The only unrecognizable actor you’ll leave thinking about is Francesca Hayward, who plays Victoria, the lead. Cats marks Hayward’s film debut, but at age 27, she’s already had a prodigious career as a ballet dancer. She joined the Royal Ballet in 2010 at age 18 and has since danced the lead in acclaimed productions of The Nutcracker, Manon, Romeo & Juliet, and Giselle. Make no mistake: it shows. Hayward is terrific as Victoria, a shy, curious, open cat, the only non-Jellicle cat in a Jellicle world. She’s tender, nimble, vivid, and electric when she needs to be, and she’ll be hard-pressed not to find a role after this.

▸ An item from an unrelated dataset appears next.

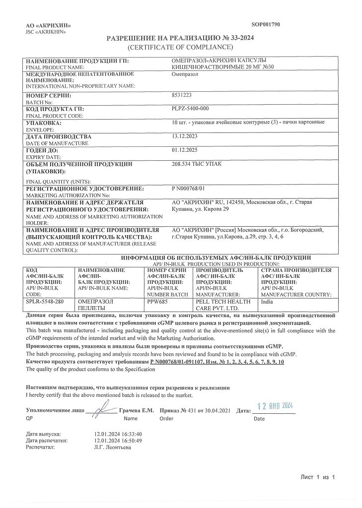 Производитель: Акрихин АО, Россия

Hayward is only bested by Jennifer Hudson as Grizabella, whose oscillating whispering and belting of “Memory” is so drastically better than anything else that happens in Cats, it’s as if the movie surrounding her exists on an inferior plane, or as if we’ve been in a cave watching the shadow puppet equivalent of vocal performance only to burst forth into daylight through Hudson’s pipes. For as inert and unfeeling as so much of Cats is, it’s stunning that she can waltz in and make you feel the emotional weight of the universe in a single moment, of which she gets two, thankfully. Unfortunately, Grizabella is only in 10-15 minutes of the film, which means most of the rest, save for some of Victoria’s spotlit moments, is a very middling effort.

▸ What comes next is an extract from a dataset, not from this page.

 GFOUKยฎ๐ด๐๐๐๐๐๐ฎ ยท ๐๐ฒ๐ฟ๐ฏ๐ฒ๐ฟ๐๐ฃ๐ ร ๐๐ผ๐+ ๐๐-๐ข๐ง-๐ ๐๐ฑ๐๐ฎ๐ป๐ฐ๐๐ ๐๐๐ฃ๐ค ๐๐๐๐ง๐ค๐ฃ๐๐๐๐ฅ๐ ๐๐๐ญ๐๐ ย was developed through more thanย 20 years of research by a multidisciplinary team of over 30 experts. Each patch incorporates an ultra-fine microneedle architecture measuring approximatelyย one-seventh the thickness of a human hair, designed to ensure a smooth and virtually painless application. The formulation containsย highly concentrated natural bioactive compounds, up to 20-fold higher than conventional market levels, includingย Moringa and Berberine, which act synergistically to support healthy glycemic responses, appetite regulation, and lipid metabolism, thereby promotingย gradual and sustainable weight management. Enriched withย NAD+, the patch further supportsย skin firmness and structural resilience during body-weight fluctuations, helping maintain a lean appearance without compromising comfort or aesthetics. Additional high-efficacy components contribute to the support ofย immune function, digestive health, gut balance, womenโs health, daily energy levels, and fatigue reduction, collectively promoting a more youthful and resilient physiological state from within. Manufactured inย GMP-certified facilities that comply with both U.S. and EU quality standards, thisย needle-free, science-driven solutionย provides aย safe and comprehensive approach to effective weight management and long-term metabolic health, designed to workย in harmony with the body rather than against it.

It would be on the bad side of middling (if not altogether bad) if it weren’t for Andy Blankenbuehler’s explosive and expressive choreography. The man who also lent his choreographing efforts to 2019’s Fosse/Verdon is a stage legend of late, most notable for his Broadway work on Hamilton. Cats is a Broadway musical after all, so it makes sense that the most consistently impressive aspects of it are theatrical in nature. Blankenbuehler’s moves matched with Eve Stewart’s production design is a fruitful pairing, and while Stewart clearly did a wonderful job with what she was given, nothing can distract from the fact that the set looks like the background of a well-made video game, not a film. And even if it didn’t, theatrics can’t carry a film in its entirety, just like popstar pseudo-fan-casting can’t.

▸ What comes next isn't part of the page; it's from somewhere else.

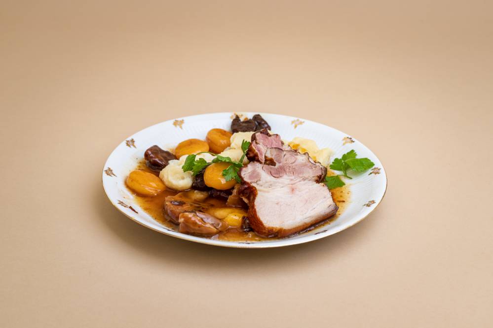 Owoce zalać przegotowaną wodą i zostawić na noc. Do rondla włożyć wędzony boczek, zalać wrzątkiem, gotować go pod przykryciem. Po 50 minutach dodać cynamon, namoczone owoce, sok i otartą skórkę z cytryny, cukier, sól, pieprz i dalej gotować bez przykrycia ok. 30 minut. Mięso wyjąć, ostudzić i pokroić na 10 jednakowych plastrów. Sos odparować, zagęścić rozpuszczoną w zimnej wodzie mąką ziemniaczaną, doprawić, zagotować. Ugotowane owoce ułożyć na talerzach, na nich pokrojony boczek, polać sosem. Potrawa może być podawana również w wariancie z powidłami lub jako mięso wieprzowe bez kości zamiast boczku. W wariancie prezentowanym podawana z gałuszkami (kluseczkami).
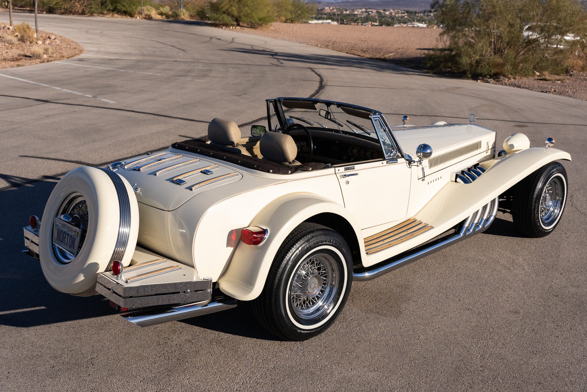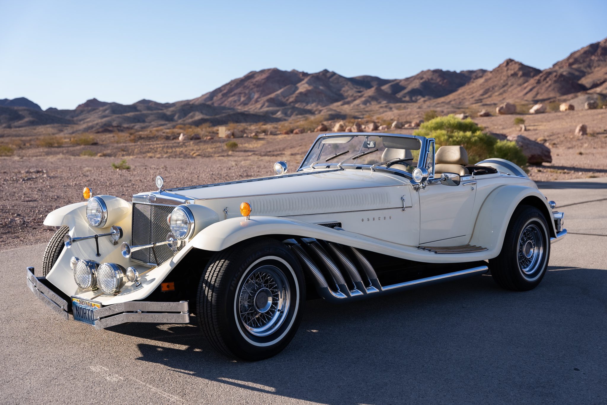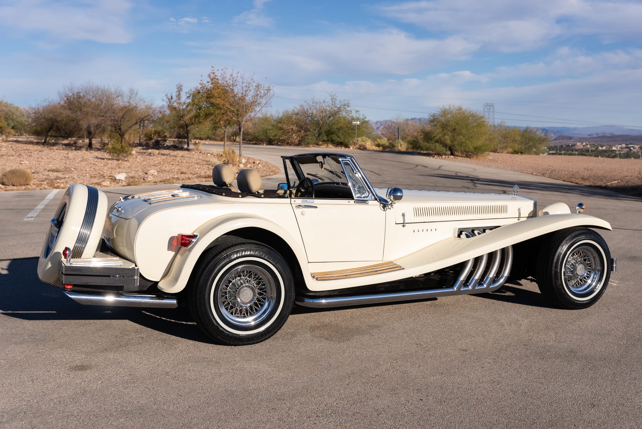 Chrome 15” wire wheels are mounted with 235/75 Bridgestone Insignia SE 200 narrow-whitewall tires. Braking is handled by front discs and rear drums.

The appeal of Cats is captured succinctly by the viewers who sat on my left and right. To my left, a woman rocked on the edge of her seat, singing quietly and passionately along from start to finish, hands clasped close to her heart, tears likely running down her cheeks. To my right, a man snored for about 80 of the 110 minutes. Cats will delight its lovers, but it won’t be able to hold its non-zealot audience. So much of the film’s pleasantries hinge on viewers’ familiarity with it, and what dazzles in live musical productions simply doesn’t in film adaptations. Even Stewart’s colorful sets, Weber’s delightfully esoteric songs, and Blankenbuehler’s beaming choreography aren’t enough to sustain the interest of most who will go in knowing nothing. As cliché as it sounds, it must be that Weber’s brilliance is best experienced on the stage.